I'm wondering if you could talk a little bit about the updated guidelines when it comes to the classifications of heart failure based on [00:08:00] ejection fraction.

Nancy Albert (guest): Yeah. So, when we think about ejection fraction, we used to have terms that we used all the time, heart failure and reduced ejection fraction—at one time, that was called systolic heart failure. So, we've updated it to reduced ejection fraction, and that's an ejection fraction of 40% or less.

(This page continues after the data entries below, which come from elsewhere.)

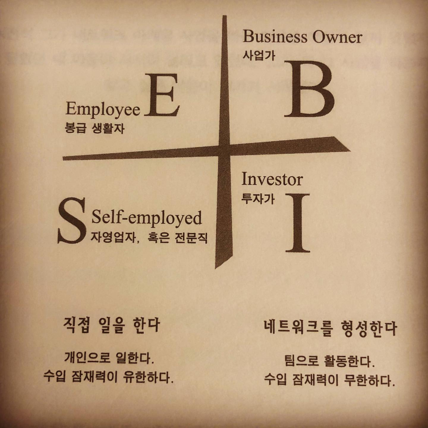 내가 표현한 이야기는 결국 유명한 책 부자아빠가난한아빠의 사분면에서 사분면의 왼쪽에서 오른쪽으로 넘어가는 부분을 표현한 것이다. 좀 더 이해하기 쉽게 표현한 그림들이다.
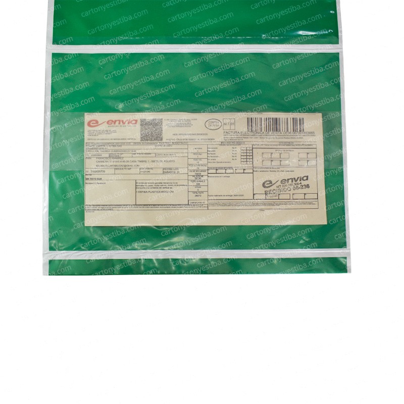 Bolsa plástica en polietileno de baja densidad (PEBD). Coextruido en 2 capas (Blanco/Negro), con adhesivo Hot-melt y con bolsillo porta guía transparente. Ofrece buenas propiedades mecánicas, buena fuerza por su sello lateral plano, buena resistencia al rasgado y resistencia a la punzadura.
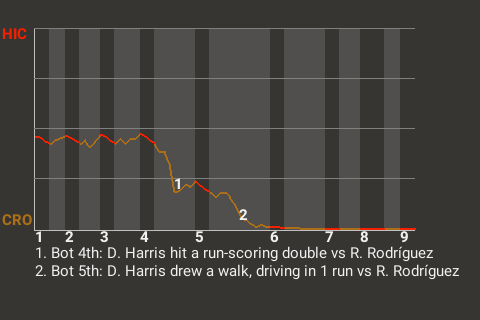 3 (8, 2nd Inning off R. Rodríguez, 0 on, 1 out; 4th Inning off R. Rodríguez, 2 on, 0 outs; 6th Inning off G. Montoya, 1 on, 1 out)
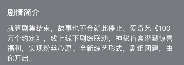 《100万个约定》的简介很好地体现了这一点:被节目囊括进售后范围的,是“预约”热度高的剧集。等到剧集上线,按照平台预期播出,再顺势推出综艺,满足观众对剧集之外演员互动、衍生内容的需求,完成IP矩阵的拓宽。
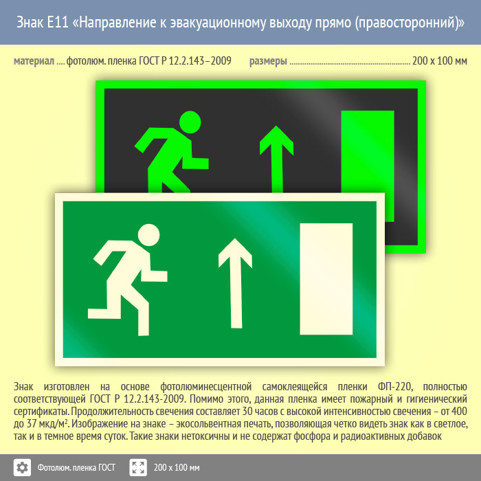 Знак E11 «Направление к эвакуационному выходу прямо (правосторонний)» (фотолюминесцентная пленка ГОСТ 34428-2018, 200х100 мм) в Ижевске купить
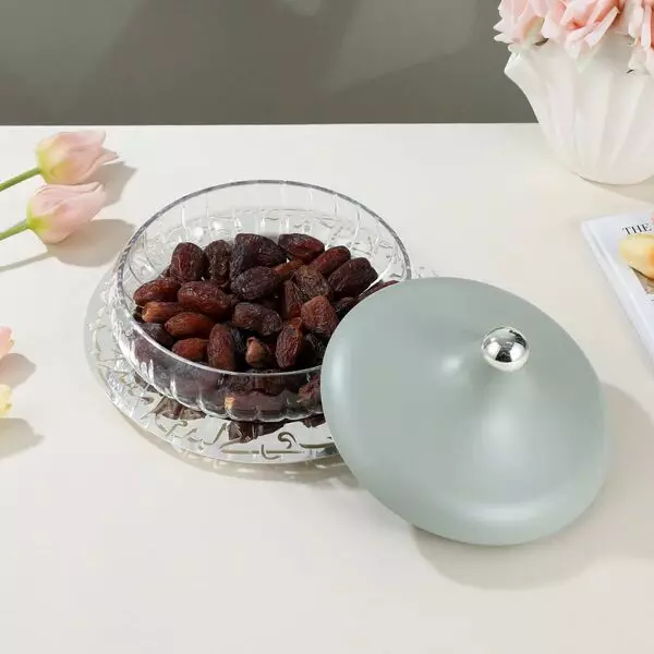 تمرية كبيرة زجاج من جوار - اخضر وفضي
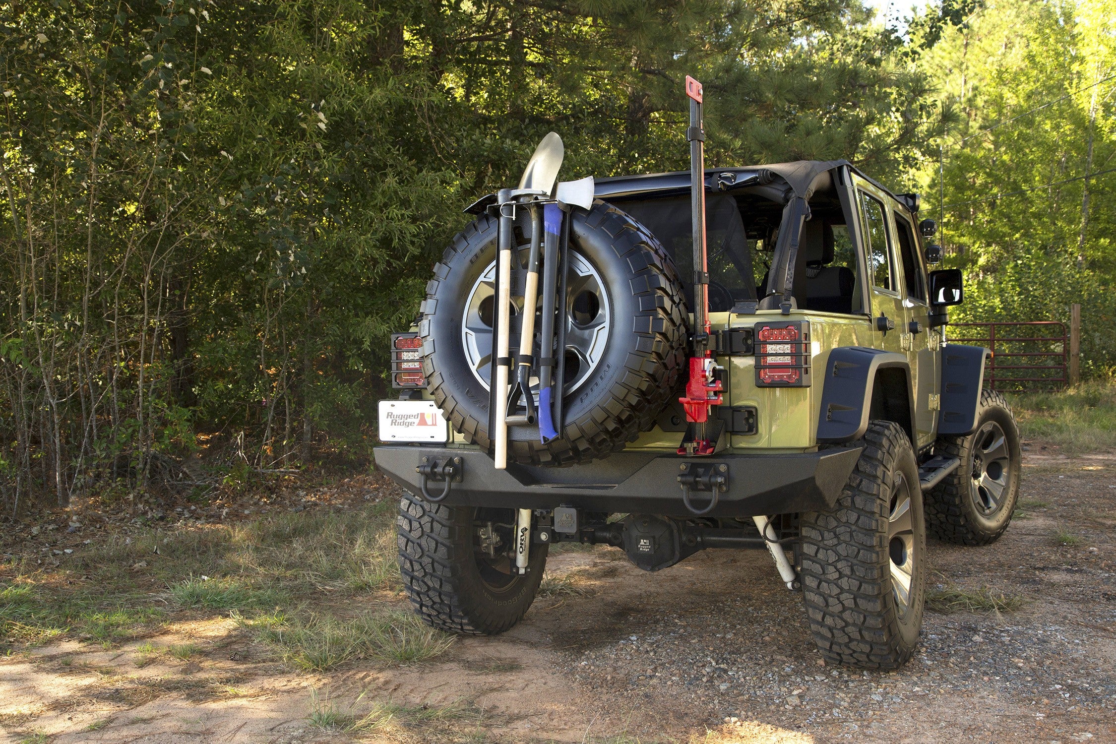 The Rugged Ridge Spare Tire Tool Rack System is an excellent way to equip your Jeep with the tools to survive any off-road excursion. Each tool rack is built from high-strength powder coated steel plate and, with a three-groove rack, will house a variety of tools and implements including axes, shovels, picks, saws, etc. Each tool attaches securely in place with the included retention straps for a quiet, rattle-free ride. The Spare Tire Tool Rack System features a rugged spare tire mounting plate that works with a wide variety of bolt circles and offsets, making it virtually universal for any vehicle with an externally mounted spare.
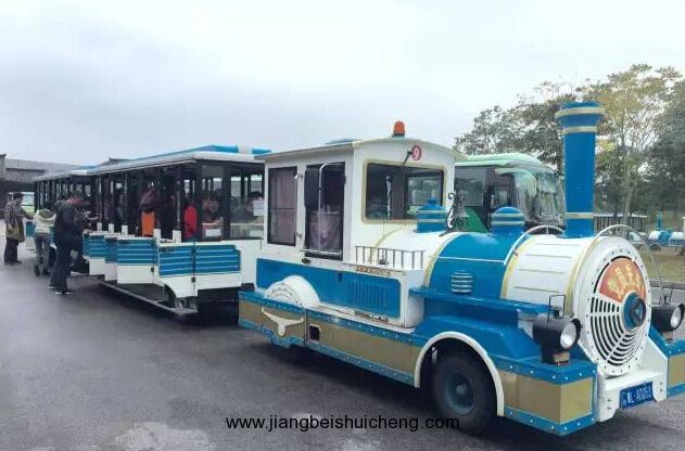 緩步穿過龍虎山觀光車站,一輛藍白相間的小火車徐徐向我們駛來。
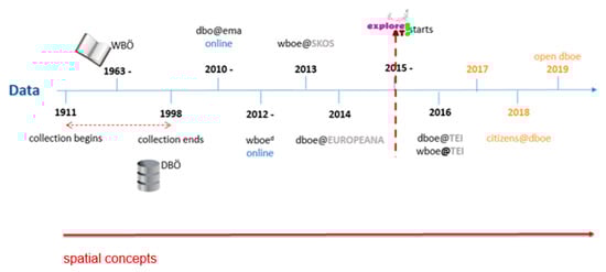 Timeline of the data transformation process relative to the beginning of the exploreAT! project. Image: Amelie Dorn, Eveline Wandl-Vogt, 2018.

And then we had patients who had HFpEF, or heart failure with preserved ejection fraction—previously called diastolic heart failure. And for a while there, that was an EF of greater than 50%.

And then you had this funny little area, that from 41% to 49%, and we called that borderline HFpEF because early on when we started recognizing this abnormality, when we did research studies and authors, published them, we found out that the characteristics of patients in that borderline zone looked a lot more like patients with preserved ejection fraction than patients with reduced ejection fraction.

[00:09:00] However, we started putting, doing research trials and putting these patients in the HFpEF or the preserved ejection fraction category. And it turned out the drugs weren't working so much in them, but they were working on patients with reduced ejection fraction who had what we call now mildly reduced ejection fraction.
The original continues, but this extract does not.